Historic district in Florida, United States

Lincolnville Historic District (formerly known as Little Africa) is a neighborhood in St. Augustine, Florida established by freedmen following the American Civil War and located on the southwest peninsula of the "nation's oldest city." It was designated as an historic district in 1991 and listed on the National Register of Historic Places. Originally recorded with 548 contributing buildings, the district is bounded by Cedar, Riberia, Cerro and Washington streets and DeSoto Place.
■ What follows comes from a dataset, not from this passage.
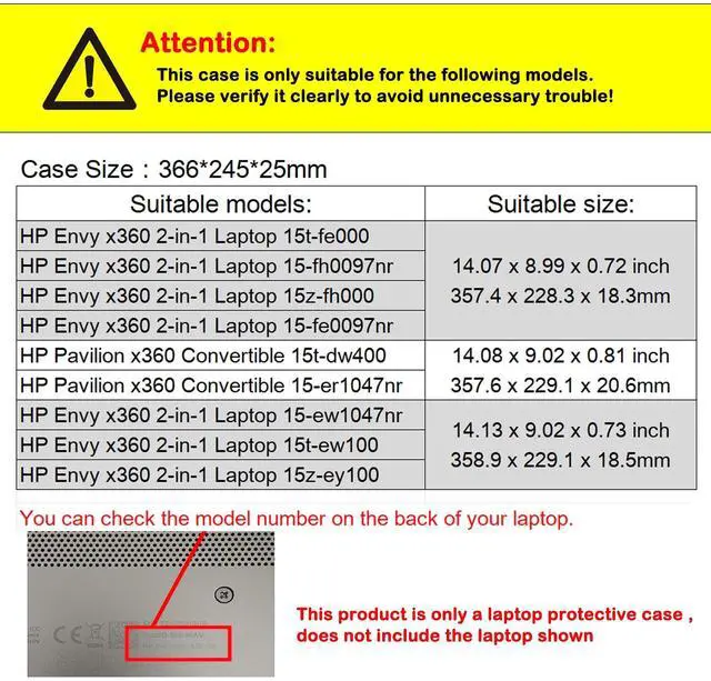 This case fits Model: HP Envy x360 2-in-1 Laptop 15t-fe000 HP Envy x360 2-in-1 Laptop 15-fh0097nr HP Envy x360 2-in-1 Laptop 15z-fh000 HP Envy x360 2-in-1 Laptop 15-fe0097nr HP Pavilion x360 Convertible 15t-dw400 HP Pavilion x360 Convertible 15-er1047nr HP Envy x360 2-in-1 Laptop 15-ew1047nr HP Envy x360 2-in-1 Laptop 15t-ew100 HP Envy x360 2-in-1 Laptop 15z-ey100You can check the model number on the back of your laptop.
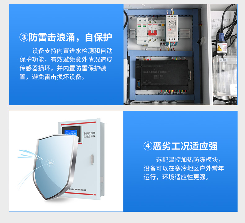產(chǎn)品描述:多參數(shù)水質(zhì)在線分析儀是本公司自主研發(fā)制造的新一代飲用水水質(zhì)監(jiān)測設(shè)備,該設(shè)備可廣泛用于城市或村鎮(zhèn)自來水廠、自來水輸水管網(wǎng)、自來水二次供水、用戶末梢、室內(nèi)游泳池、大型凈水設(shè)備和直飲水等水質(zhì)在線監(jiān)測,是水廠生產(chǎn)過程控制、水利水務(wù)管理、衛(wèi)生監(jiān)督等領(lǐng)域必不可少的在線分析設(shè)備。

In the late 20th century, numerous African Americans moved from this district to newer housing in suburbs, following the postwar pattern of settlement. In the 1990s, the city of St. Augustine engaged in extensive demolitions in Lincolnville. The number of surviving historic buildings was markedly reduced. Since the turn of the 21st century, the city has sought more demolitions to enable redevelopment of the area.

==History==
The community was established after the American Civil War in 1866. Freedmen (and women) Peter Sanks, Matilda Papy, Harriet Weedman, Miles Hancock, Israel McKenzie, Aaron DuPont and Tom Solana leased land for $1.00 a year on what was then the west bank of Maria Sanchez Creek, across from the developed part of St. Augustine. The rest of the peninsula was developed as two large orange grove plantations: the Dumas plantation "Yalaha" (Seminole word for orange) at the northern end and "Buena Esperanza" (Spanish for "Good Hope") at the south.

The freedmen originally called their settlement Africa, or Little Africa. After streets were laid out in 1878, it came to be known as Lincolnville. In the 1860s the northwest corner of modern Lincolnville was an 5 acre orange grove owned by Abraham Lincoln's private secretary, John Hay. He later served as Secretary of State under Theodore Roosevelt).

Over the decades the settlement was expanded from this northeast area, around present-day Washington, Oneida, Dumas, St. Francis, St. Benedict and DeHaven streets, and businessmen developed the entire peninsula. It was characterized by narrow streets, small lots, and houses built close to the street line, similar to the colonial St. Augustine style and land-use pattern.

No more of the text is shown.